The tremolo bridge is specific to the Strat-style model, and it really only functions properly if allowed to float, or if it is wedged in a slightly relaxed position. Springing it all the way flat caused me problems with the action that I simply could not resolve, but lifting the bridge up about 1.2 mm in the back made it all better. (I still let it bend down, but not up, so that I can switch to Drop D and not have to touch up ALL SIX strings.)

Check YouTube for "Ammoon". They also have Tele and LP and SG style kits, though they generally cost a little more (still under $100 though). I'm not saying they're the best kit, but they're probably the best first kit, if you know what I mean. If you totally bodge the neck, a replacement runs about $25. Chances are, you won't stress out over anything because screwing it up won't cost you that much. It is also rumored that the LP kits are actually Epiphone parts that were rejected -- which could be bad if they're unfixable, or great otherwise.

The only soldering required on a kit like this is to attach the ground wire to the tremolo bridge (if applicable), and the two wires to the jack. Everything else comes wired up and mounted on the pick guard. Of course, if you change the pickups, you'll have to solder those in as well.

As for equally affordable pickups that don't suck, look for "Hot Rails" single-size humbuckers. You can get a set of three for about $25, and they are aptly named -- they are "hot". They also have coil taps, but they're not usable. As single coils, they suck as bad as the kit pickups. Just use them as humbuckers and you'll be happy.

Although setup, neck adjustments, and fret work are all equally as difficult on an electric as on an acoustic, everything else about an electric kit is Easy Mode compared to an acoustic. No glue (on most of them), and being able to set your intonation after assembly rather than having to get the bridge perfect to a fraction of a millimeter is almost a "get out of jail free" card.

Aside from the bowed neck, which (judging by other reviews) seems to be the exception rather than the rule, my only knock on the Ammoon kit would be that the body looks like what it is, four strips of lumber glued together and then planed. It is not at all pretty wood, and would be best served with an opaque paint job rather than a sunburst or something like that. (I used a finish that shows the grain anyhow.)

Right now, I'm suffering with a missing (broken) high E string, and therefore can't finish setting up the action, but I installed two Hot Rails pickups today and they sound reasonably good. The included pickup that remains is almost more hum than tone, and it's only there until the third pickup (which is a different color scheme and thus got shipped separately) arrives. They are rather microphonic, to the point where if I inadvertently tap a live pickup with my pick, it produces a very audible thunk from the amplifier, but they have that warm humbucker tone.

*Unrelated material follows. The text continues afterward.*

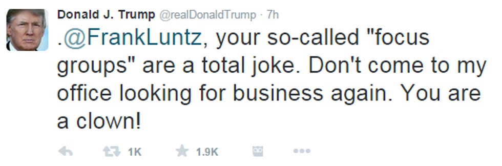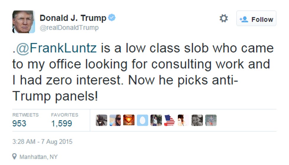 And finally, as we alluded to above, Trump is mad at Fox News pollster Frank Luntz, whose schtick is to get a bunch of homeschooled Republicans in a room and let them pick corn out of each others' poo while yelling, and boy howdy, Luntz's focus group of corn-pickers HATED Donald Trump:

Here's a review of the fully assembled version, and he reaches the exact same conclusion I did, that new pickups are absolutely necessary. He even bought and installed the same kind for his follow-up video! (I guess there aren't too many worthy competitors at $8 per pickup.)



If you shorten a neck, you can compensate by moving the bridge back toward the tail the same amount (or just the saddles in the bridge, if the difference is small enough) and nobody will be the wiser. The pickups will be in very slightly different places (harmonically) on the string, but if we're only talking a couple millimeters of difference, it shouldn't be significant. Besides, pickup locations are only valid relative to open strings anyhow.